5. Resonanz-Tourismus:

Das grundlegende Prinzip hinter der Resonanz ist der Wunsch nach nachhaltigen Beziehungserfahrungen. „Es geht darum, dass der Tourist auch etwas mitbringt an den Ort, an den er verreist“, sagt Horx. Ein Beispiel: Ein Reisender macht Urlaub auf einer kleinen griechischen Insel, bleibt dort über zwei oder drei Wochen. Er findet ein kleines Fischrestaurant am Hafen, kommt ins Gespräch mit den Inhabern, isst immer wieder dort, baut schließlich Beziehungen auf. Tourist wie Einheimische profitieren von diesem kulturellen Austausch. Horx sagt: „Der Post-Corona-Tourismus wird ein Beziehungstourismus sein.“ Urlaub, nur um ihn bildgewaltig auf Instagram zu inszenieren, hat ausgedient. Denn in der Pandemie haben die Menschen gelernt, dass ihre 5000 Follower in der digitalen Einsamkeit nichts bringen. Das Oberflächliche ist gesättigt. Der Mensch sehnt sich nach unmittelbarer Berührung, er will mit seiner Umgebung schwingen – daher der Name.

6. Abkehr vom Overtourism

Der nachpandemische Urlaub wird verstörende Bilder produzieren.

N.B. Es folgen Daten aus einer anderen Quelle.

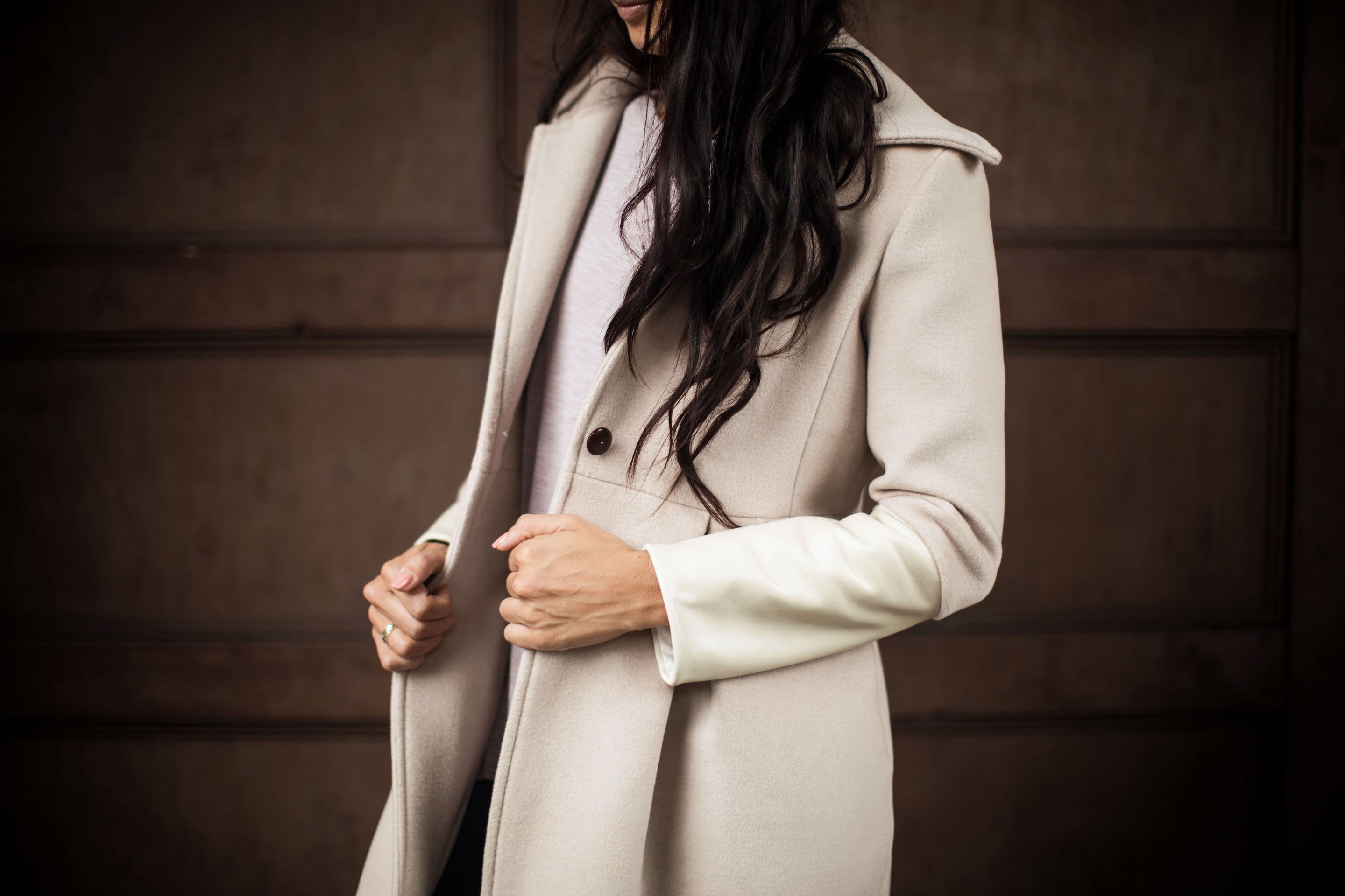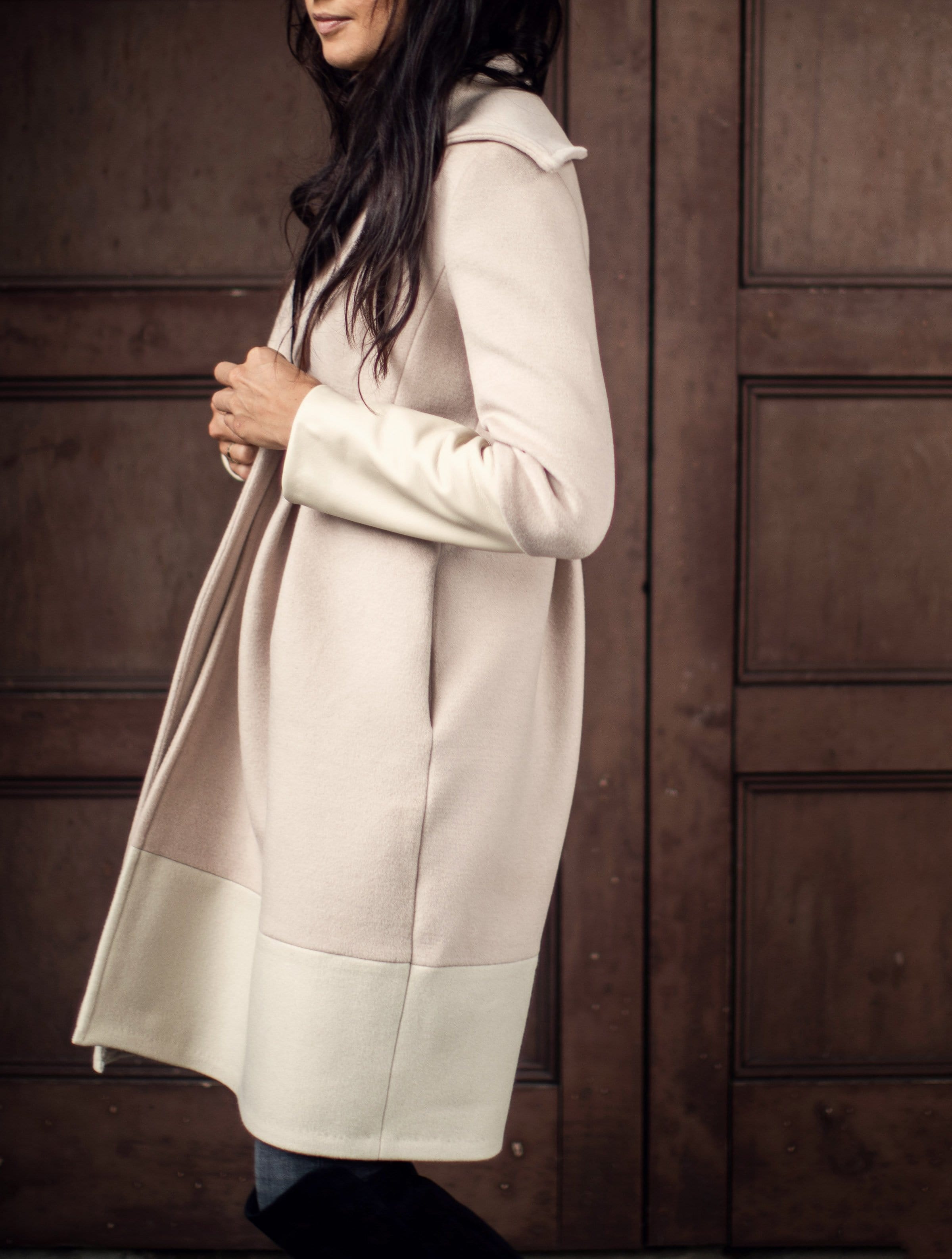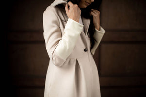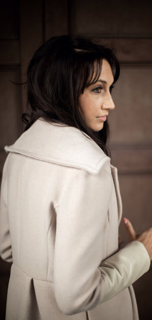 This gorgeous coat possesses the taste and expectation of its namesake color! Its pure white/champagne wool can be worn with neutrals and bold colors alike, and its leather detailing and full lining make it a wardrobe staple. More can be read about this coat at: www.marusyamarusya.com
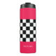 A black and white classic chequerboard pattern, with some bright vibrant pink.

Davon geht zumindest Zukunftsforscher Horx aus. Er meint damit: Überlaufene Boulevards, Strände, an denen man kaum ein Handtuch ausbreiten kann und Einheimische, die ob der Massen die Wintersaison nur noch herbeisehnen. Im diesjährigen Sommer seien die meisten wegen der noch andauernden Pandemie vorsichtig, entspannter Urlaub wird möglich sein. Dann aber, im Sommer 2022 „wird es einen Nachholeffekt geben“, prognostiziert Horx. Die Urlauber werden die üblichen touristischen Hotspots überlaufen. Und dann? „Es kommt zur Desillusionierung der Massen“, sagt Horx. „Und dann zum strukturellen Wandel.“ Die Leute kämen darauf, dass so ein Urlaub keine Erholung bieten kann. „Ginge es so weiter wie vor der Pandemie, ruinieren wir uns unsere Städte und die Umwelt.“ Geht es nach Horx, könnte die Krise so etwas wie der Schlussstrich des Overtourism sein. Profitieren könnte der Inlandstourismus. Doch Horx mahnt: „Auch hier sollten nicht alle gleichzeitig an denselben Ort fahren.“ Die Begrenzung der Tagestouristen könnte da beispielsweise eine Lösung sein.